American planes began dropping leaflets informing them deliverance was at hand. Packages with food and medicines descended with more frequency. Weeks would pass before they were reached by Army rescue teams, aghast at the discovery of emaciated but living bodies. The men of the Lost Battalion of Texas were no longer lost, but many were in terrible shape.

They were sent to Allied hospitals everywhere from India to Australia, then flown via Europe for fuel stops before landing on home soil. As they regained their strength, word spread of the terrible conditions they’d endured in those 42 months. Physical and psychological treatment was administered at army hospitals. Re-integration to society would prove a little more elusive.

The men returned to a nation that had dramatically changed during their absence. Many were ‘shell-shocked’, suffering from yet-to-be-named Post Traumatic Distress Syndrome.
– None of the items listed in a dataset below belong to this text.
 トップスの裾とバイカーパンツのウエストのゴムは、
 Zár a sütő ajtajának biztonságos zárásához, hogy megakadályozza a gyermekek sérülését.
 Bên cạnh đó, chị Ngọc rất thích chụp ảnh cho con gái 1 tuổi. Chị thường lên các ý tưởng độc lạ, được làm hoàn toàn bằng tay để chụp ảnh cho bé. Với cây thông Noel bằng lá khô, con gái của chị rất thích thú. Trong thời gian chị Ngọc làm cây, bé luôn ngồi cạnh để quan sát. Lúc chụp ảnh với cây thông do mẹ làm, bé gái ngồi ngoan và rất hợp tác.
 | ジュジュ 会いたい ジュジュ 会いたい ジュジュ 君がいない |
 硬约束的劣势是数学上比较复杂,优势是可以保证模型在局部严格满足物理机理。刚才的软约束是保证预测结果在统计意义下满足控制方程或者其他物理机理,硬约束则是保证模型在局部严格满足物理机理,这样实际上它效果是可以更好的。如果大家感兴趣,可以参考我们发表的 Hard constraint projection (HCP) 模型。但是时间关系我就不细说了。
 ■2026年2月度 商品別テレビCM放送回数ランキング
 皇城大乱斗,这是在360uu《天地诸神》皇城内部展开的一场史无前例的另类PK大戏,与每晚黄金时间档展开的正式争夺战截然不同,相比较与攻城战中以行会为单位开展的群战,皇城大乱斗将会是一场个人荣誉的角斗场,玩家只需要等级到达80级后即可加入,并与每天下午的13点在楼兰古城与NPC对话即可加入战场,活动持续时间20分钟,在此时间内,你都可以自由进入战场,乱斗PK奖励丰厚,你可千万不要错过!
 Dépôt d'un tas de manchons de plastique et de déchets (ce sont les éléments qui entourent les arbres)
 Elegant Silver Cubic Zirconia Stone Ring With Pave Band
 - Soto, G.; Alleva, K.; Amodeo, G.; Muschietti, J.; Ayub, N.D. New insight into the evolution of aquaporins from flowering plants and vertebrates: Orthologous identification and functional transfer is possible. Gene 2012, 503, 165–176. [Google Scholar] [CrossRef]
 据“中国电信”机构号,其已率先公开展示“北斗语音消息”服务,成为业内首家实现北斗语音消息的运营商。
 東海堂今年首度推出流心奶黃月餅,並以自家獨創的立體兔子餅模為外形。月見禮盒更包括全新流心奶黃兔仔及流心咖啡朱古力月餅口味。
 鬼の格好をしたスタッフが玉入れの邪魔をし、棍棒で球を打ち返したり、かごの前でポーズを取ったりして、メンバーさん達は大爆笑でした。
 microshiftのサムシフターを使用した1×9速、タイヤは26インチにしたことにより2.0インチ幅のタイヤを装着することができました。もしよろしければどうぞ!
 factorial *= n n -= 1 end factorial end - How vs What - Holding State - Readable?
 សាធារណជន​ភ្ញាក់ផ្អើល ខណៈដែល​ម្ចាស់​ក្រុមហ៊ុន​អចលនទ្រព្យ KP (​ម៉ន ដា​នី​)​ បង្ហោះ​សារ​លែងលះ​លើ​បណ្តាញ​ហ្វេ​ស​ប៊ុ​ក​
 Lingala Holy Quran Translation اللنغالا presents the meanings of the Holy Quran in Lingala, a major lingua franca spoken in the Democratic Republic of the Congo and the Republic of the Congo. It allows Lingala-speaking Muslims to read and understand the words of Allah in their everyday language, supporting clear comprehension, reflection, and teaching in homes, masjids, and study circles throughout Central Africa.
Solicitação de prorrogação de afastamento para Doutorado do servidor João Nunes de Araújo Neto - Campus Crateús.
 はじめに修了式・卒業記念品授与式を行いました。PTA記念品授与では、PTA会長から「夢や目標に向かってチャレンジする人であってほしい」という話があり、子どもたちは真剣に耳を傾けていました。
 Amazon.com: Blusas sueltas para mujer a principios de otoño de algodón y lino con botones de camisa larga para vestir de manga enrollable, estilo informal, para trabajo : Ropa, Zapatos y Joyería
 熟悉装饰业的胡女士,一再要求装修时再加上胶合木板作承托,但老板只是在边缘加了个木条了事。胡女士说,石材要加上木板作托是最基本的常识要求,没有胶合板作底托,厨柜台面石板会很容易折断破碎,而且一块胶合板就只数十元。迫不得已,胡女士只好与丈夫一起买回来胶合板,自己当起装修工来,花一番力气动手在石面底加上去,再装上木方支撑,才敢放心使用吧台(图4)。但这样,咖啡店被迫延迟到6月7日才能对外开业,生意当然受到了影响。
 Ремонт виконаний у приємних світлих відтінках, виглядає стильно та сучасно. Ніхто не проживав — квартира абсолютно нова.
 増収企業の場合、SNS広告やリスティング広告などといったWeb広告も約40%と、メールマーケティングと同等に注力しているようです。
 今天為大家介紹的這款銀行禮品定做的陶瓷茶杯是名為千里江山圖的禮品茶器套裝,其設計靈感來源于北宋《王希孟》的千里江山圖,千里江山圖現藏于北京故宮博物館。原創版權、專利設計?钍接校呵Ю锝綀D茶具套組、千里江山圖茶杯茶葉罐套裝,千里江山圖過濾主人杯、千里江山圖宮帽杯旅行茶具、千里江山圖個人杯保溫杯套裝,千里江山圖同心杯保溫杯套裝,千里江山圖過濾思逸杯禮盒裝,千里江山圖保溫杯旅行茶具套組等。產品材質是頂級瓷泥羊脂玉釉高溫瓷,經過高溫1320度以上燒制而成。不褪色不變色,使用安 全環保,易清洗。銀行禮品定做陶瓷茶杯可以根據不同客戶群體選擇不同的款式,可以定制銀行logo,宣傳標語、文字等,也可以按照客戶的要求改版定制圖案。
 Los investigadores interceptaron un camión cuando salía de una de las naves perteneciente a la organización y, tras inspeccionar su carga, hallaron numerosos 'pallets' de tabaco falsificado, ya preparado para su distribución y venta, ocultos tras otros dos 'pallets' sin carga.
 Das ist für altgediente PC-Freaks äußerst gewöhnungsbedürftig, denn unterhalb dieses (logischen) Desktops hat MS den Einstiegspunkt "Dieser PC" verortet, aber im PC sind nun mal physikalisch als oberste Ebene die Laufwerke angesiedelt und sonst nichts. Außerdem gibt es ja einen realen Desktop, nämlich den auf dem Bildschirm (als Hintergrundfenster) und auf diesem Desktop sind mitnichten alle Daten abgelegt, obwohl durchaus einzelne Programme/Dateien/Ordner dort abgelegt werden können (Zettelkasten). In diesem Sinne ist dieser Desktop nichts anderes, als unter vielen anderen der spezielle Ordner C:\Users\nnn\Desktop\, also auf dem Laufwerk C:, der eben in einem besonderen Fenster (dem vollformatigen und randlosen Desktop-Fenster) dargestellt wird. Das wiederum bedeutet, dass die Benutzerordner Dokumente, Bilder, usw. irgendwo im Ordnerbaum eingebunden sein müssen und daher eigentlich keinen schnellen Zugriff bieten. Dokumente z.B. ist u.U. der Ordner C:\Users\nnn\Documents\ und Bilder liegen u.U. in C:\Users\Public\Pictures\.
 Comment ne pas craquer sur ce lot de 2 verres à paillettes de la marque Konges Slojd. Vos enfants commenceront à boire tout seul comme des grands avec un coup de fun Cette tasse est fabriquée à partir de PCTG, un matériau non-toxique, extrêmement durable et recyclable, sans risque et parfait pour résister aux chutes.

Despite the physical trauma and mental anxiety they suffered as inmates, a majority of the returnees assimilated easily and went on to live productive lives. Some chose to bury their past and never speak of the atrocities they witnessed. Others wrote books about the experience, or forgave their captors and found peace. Families of the former POWs were ecstatic their loved ones came home; others sadly learned their fathers, brothers, uncles, and friends had died and were buried along the tracks in Burma and Thailand.